» Problem
Retype the listing below exactly, pictures removed.

» Input data

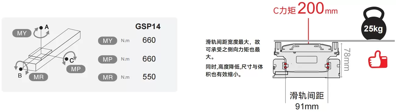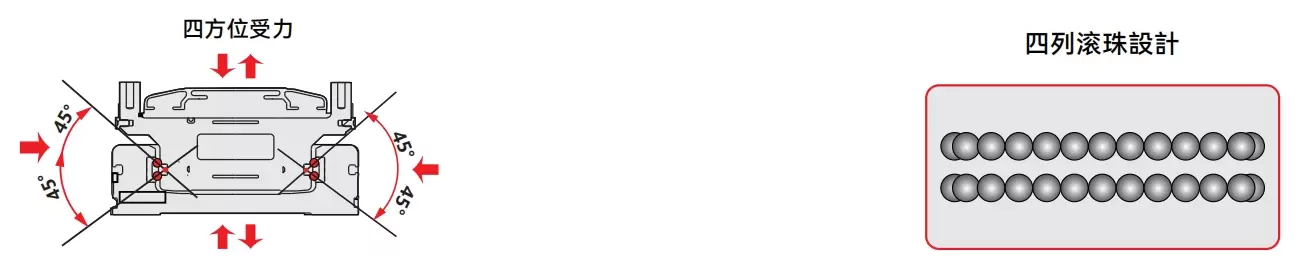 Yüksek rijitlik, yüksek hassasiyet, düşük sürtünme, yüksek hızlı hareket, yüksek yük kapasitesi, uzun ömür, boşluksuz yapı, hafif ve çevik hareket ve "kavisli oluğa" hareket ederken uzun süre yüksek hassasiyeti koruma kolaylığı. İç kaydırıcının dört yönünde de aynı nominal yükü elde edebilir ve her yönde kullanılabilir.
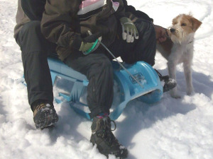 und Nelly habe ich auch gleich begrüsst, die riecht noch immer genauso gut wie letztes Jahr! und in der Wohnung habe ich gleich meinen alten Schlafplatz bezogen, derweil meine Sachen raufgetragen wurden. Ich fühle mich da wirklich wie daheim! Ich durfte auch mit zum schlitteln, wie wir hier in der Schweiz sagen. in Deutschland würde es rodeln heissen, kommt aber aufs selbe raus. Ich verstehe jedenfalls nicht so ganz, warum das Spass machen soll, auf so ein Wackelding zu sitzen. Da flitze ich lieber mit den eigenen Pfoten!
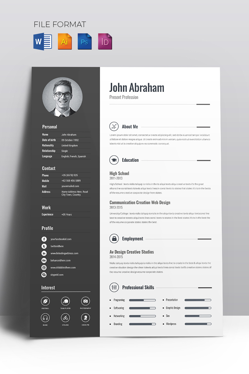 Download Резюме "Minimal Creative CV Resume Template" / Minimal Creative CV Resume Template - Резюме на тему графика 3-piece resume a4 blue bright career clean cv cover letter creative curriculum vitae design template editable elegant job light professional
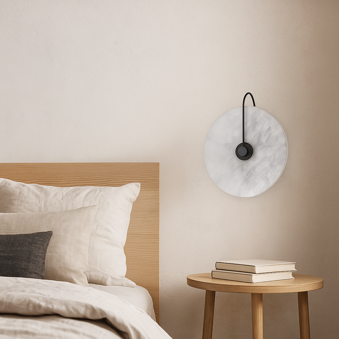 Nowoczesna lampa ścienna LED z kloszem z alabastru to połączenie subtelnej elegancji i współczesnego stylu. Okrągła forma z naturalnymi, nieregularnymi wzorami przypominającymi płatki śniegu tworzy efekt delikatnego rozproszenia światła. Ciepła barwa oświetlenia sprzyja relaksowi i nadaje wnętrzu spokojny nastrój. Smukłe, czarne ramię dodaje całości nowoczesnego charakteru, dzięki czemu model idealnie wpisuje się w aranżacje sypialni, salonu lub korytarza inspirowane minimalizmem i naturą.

» Written answer
 Yüksek rijitlik, yüksek hassasiyet, düşük sürtünme, yüksek hızlı hareket, yüksek yük kapasitesi, uzun ömür, boşluksuz yapı, hafif ve çevik hareket ve "kavisli oluğa" hareket ederken uzun süre yüksek hassasiyeti koruma kolaylığı. İç kaydırıcının dört yönünde de aynı nominal yükü elde edebilir ve her yönde kullanılabilir.
 und Nelly habe ich auch gleich begrüsst, die riecht noch immer genauso gut wie letztes Jahr! und in der Wohnung habe ich gleich meinen alten Schlafplatz bezogen, derweil meine Sachen raufgetragen wurden. Ich fühle mich da wirklich wie daheim! Ich durfte auch mit zum schlitteln, wie wir hier in der Schweiz sagen. in Deutschland würde es rodeln heissen, kommt aber aufs selbe raus. Ich verstehe jedenfalls nicht so ganz, warum das Spass machen soll, auf so ein Wackelding zu sitzen. Da flitze ich lieber mit den eigenen Pfoten!
 Download Резюме "Minimal Creative CV Resume Template" / Minimal Creative CV Resume Template - Резюме на тему графика 3-piece resume a4 blue bright career clean cv cover letter creative curriculum vitae design template editable elegant job light professional
 Nowoczesna lampa ścienna LED z kloszem z alabastru to połączenie subtelnej elegancji i współczesnego stylu. Okrągła forma z naturalnymi, nieregularnymi wzorami przypominającymi płatki śniegu tworzy efekt delikatnego rozproszenia światła. Ciepła barwa oświetlenia sprzyja relaksowi i nadaje wnętrzu spokojny nastrój. Smukłe, czarne ramię dodaje całości nowoczesnego charakteru, dzięki czemu model idealnie wpisuje się w aranżacje sypialni, salonu lub korytarza inspirowane minimalizmem i naturą.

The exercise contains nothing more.